2.3 FileMaker Pro の準備


必要なライセンス数


FileMaker Pro バージョン 19~ の最低1ライセンス が必要となります。

構成 必要ライセンス
院内ネットワークで 1 台のみで運用する場合
FileMaker Pro…1 or 2ライセンス以上
(JIPAD Internal 用 ×1 , JIPAD Local 用 ×1 )
院内ネットワークで複数台で運用する場合 【5台まで】
FileMaker Pro…JIPAD Internal 使用台数分,
JIPAD Local 用×1
" " 【6台以上】
FileMaker Pro…使用台数分のライセンス
FileMaker Server…1ライセンス
インターネット接続端末で 1台のみで運用する場合 FileMaker Pro…1ライセンス
FileMaker Server を院内ネットワークで使用する場合 JIPAD Internal/Localはネットワークハードディスクに配置することは厳禁します。
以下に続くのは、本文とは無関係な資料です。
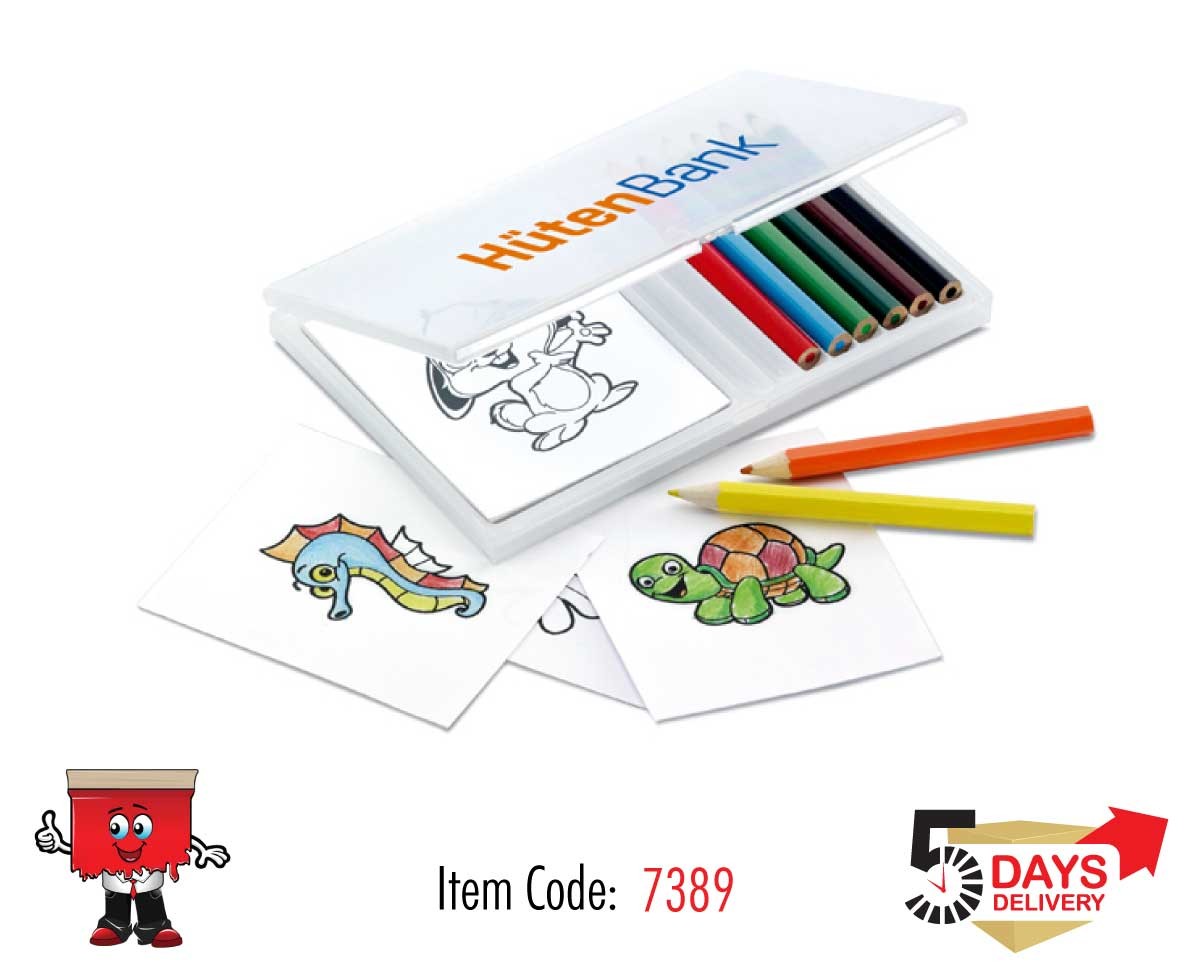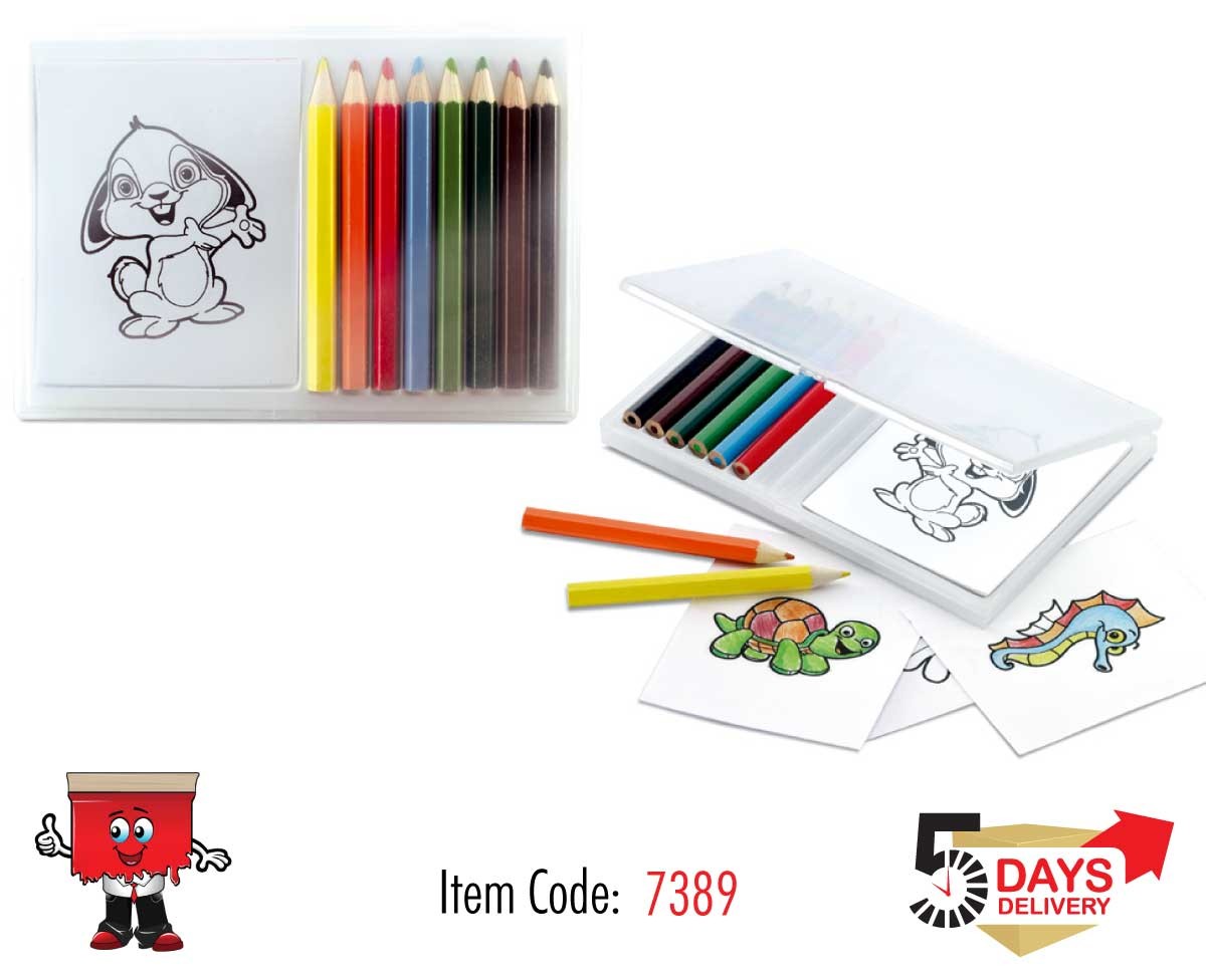 Colouring set in clear box contains 8 wooden pencils and 20 paper drawings.

複数の PC から操作することを想定される場合は、JIPAD Internal/Localを 24 時間開いておける PC を用意いただきその PC へ共有ファイルを開く設定でアクセスいただくか、FileMaker Server を使うこととなります。いずれの場合も御相談いただければ幸いです。少々運用はトリッキーになります

FileMaker Pro のインストール


JIPAD を使用する端末に、予め FileMaker Pro をインストールしてください。

2.4 JIPAD local のインターネットへの接続条件


 JIPAD local でデータを操作するためにはデータセンターとの接続が確立されている必要があります。接続テストは運用を想定して FileMaker Pro が使用できる端末で行って下さい。
接続テストのスクリプトは下記からダウンロードできます。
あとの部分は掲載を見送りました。